**Work order**
Among the lines of data below, reproduce only those from the one with "Sabiendo esto lo" through the one with "- Phoenix : emprunté", exactly as they stand, both ends included.

**Provided material**
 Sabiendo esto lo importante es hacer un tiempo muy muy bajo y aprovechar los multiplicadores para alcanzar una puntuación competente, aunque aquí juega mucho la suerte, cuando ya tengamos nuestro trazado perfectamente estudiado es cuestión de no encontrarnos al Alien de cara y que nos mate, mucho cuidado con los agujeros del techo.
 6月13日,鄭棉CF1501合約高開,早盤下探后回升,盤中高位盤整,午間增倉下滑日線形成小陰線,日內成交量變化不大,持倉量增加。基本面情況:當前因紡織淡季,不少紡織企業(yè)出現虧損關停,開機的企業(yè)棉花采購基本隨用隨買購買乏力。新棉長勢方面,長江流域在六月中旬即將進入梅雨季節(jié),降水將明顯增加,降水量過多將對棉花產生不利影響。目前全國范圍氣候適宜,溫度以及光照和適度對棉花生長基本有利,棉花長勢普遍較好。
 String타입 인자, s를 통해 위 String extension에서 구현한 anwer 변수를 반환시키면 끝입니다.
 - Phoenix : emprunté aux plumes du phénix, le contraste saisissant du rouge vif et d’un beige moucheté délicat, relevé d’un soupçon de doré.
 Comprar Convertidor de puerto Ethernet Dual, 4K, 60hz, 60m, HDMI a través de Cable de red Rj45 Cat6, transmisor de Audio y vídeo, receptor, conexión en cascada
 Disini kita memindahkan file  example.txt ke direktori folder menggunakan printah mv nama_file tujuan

--

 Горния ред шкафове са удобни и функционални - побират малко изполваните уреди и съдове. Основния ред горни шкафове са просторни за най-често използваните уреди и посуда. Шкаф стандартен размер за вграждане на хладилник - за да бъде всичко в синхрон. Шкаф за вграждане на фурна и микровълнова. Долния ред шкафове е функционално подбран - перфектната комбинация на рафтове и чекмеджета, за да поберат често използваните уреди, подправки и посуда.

--

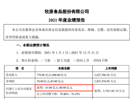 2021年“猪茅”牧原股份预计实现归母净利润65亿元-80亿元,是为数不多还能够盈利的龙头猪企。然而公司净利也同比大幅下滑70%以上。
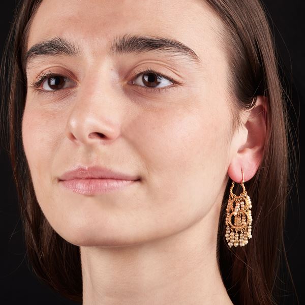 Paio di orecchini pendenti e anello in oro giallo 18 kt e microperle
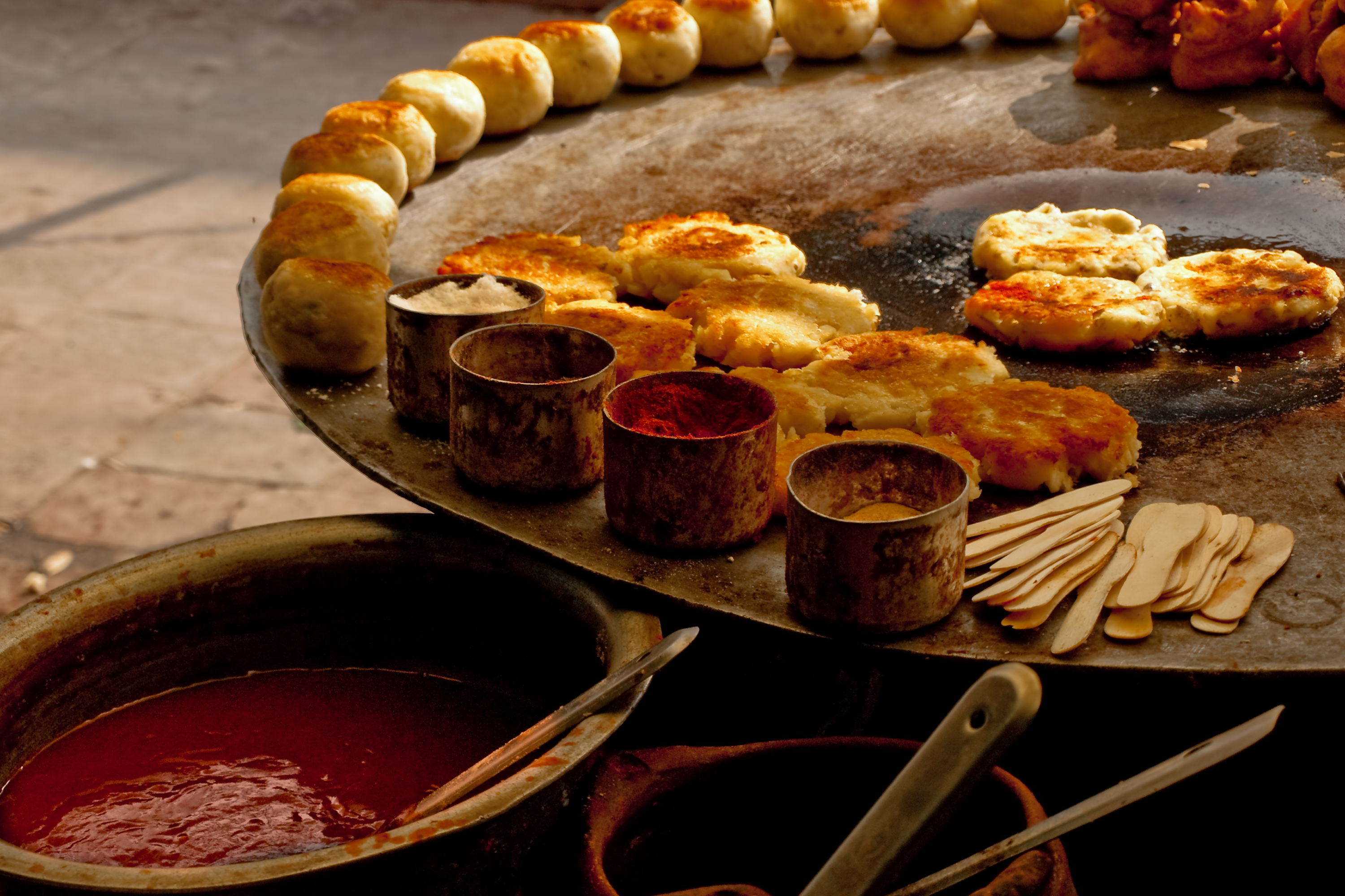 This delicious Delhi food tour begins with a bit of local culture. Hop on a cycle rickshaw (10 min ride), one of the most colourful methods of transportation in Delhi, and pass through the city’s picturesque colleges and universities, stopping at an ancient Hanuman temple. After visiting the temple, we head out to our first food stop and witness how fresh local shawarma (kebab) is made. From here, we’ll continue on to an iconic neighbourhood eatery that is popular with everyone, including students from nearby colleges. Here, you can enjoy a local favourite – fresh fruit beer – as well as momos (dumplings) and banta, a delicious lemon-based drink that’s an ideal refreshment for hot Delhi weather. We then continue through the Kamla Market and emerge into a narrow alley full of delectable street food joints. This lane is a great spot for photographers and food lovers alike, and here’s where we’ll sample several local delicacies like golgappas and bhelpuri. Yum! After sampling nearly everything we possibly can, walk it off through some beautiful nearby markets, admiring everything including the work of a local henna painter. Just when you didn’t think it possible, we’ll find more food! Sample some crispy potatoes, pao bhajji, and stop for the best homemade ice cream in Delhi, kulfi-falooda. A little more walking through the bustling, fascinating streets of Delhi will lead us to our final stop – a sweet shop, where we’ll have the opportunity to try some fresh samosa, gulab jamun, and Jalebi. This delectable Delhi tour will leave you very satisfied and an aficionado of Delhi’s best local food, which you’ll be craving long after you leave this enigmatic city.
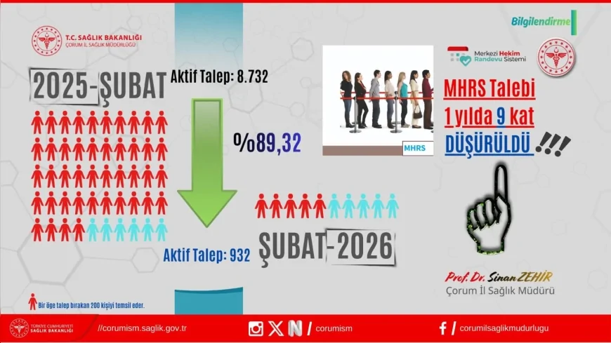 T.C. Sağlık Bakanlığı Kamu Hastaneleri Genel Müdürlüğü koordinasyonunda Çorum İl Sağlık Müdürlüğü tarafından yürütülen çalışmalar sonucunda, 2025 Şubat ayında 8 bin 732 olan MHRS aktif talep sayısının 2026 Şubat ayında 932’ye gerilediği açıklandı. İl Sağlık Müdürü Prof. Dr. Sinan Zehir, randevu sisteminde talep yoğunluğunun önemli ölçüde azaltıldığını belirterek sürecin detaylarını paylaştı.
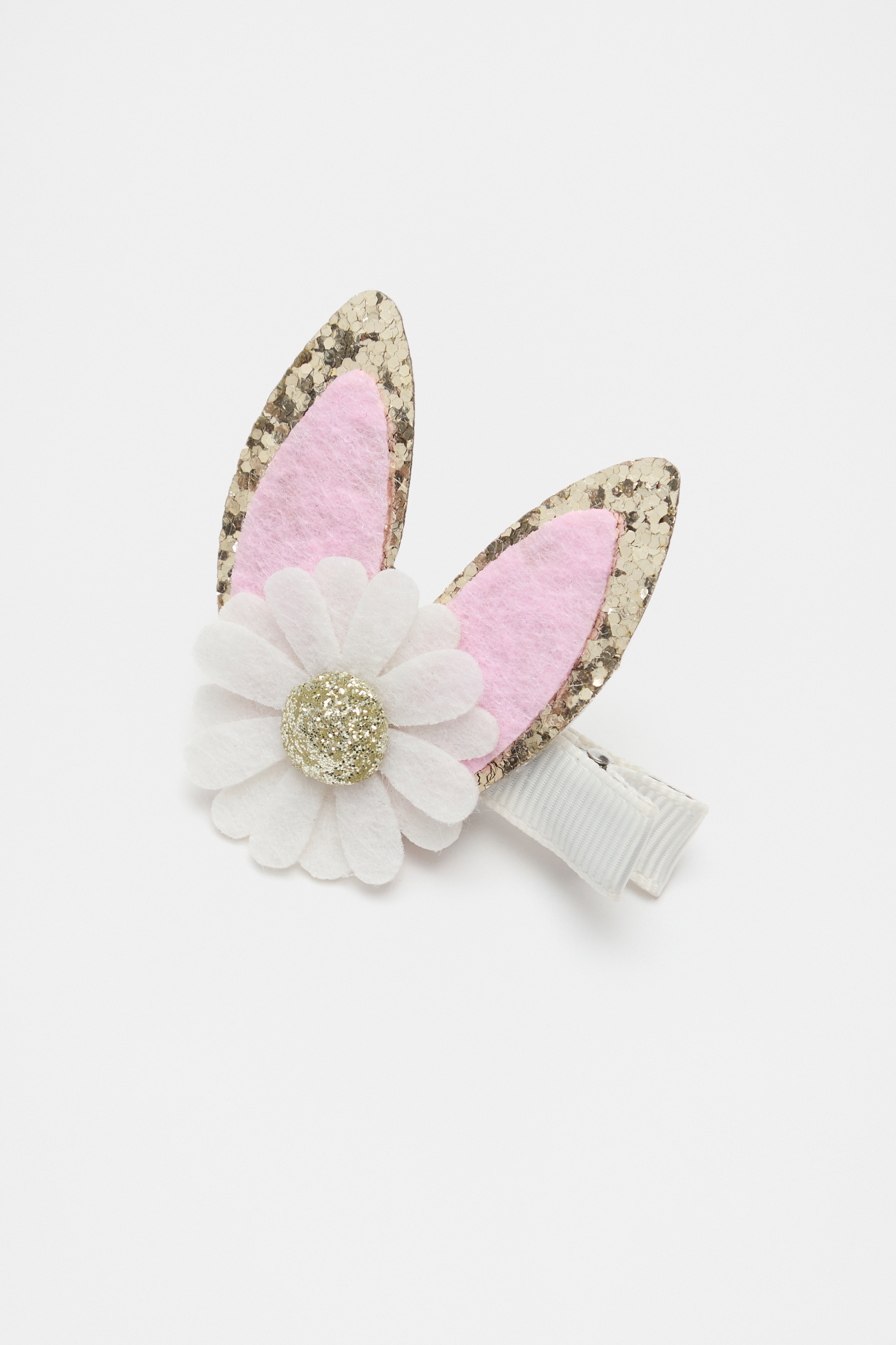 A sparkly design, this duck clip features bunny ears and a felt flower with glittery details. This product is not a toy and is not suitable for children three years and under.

**Solution to this problem**
 Sabiendo esto lo importante es hacer un tiempo muy muy bajo y aprovechar los multiplicadores para alcanzar una puntuación competente, aunque aquí juega mucho la suerte, cuando ya tengamos nuestro trazado perfectamente estudiado es cuestión de no encontrarnos al Alien de cara y que nos mate, mucho cuidado con los agujeros del techo.
 6月13日,鄭棉CF1501合約高開,早盤下探后回升,盤中高位盤整,午間增倉下滑日線形成小陰線,日內成交量變化不大,持倉量增加。基本面情況:當前因紡織淡季,不少紡織企業(yè)出現虧損關停,開機的企業(yè)棉花采購基本隨用隨買購買乏力。新棉長勢方面,長江流域在六月中旬即將進入梅雨季節(jié),降水將明顯增加,降水量過多將對棉花產生不利影響。目前全國范圍氣候適宜,溫度以及光照和適度對棉花生長基本有利,棉花長勢普遍較好。
 String타입 인자, s를 통해 위 String extension에서 구현한 anwer 변수를 반환시키면 끝입니다.
 - Phoenix : emprunté aux plumes du phénix, le contraste saisissant du rouge vif et d’un beige moucheté délicat, relevé d’un soupçon de doré.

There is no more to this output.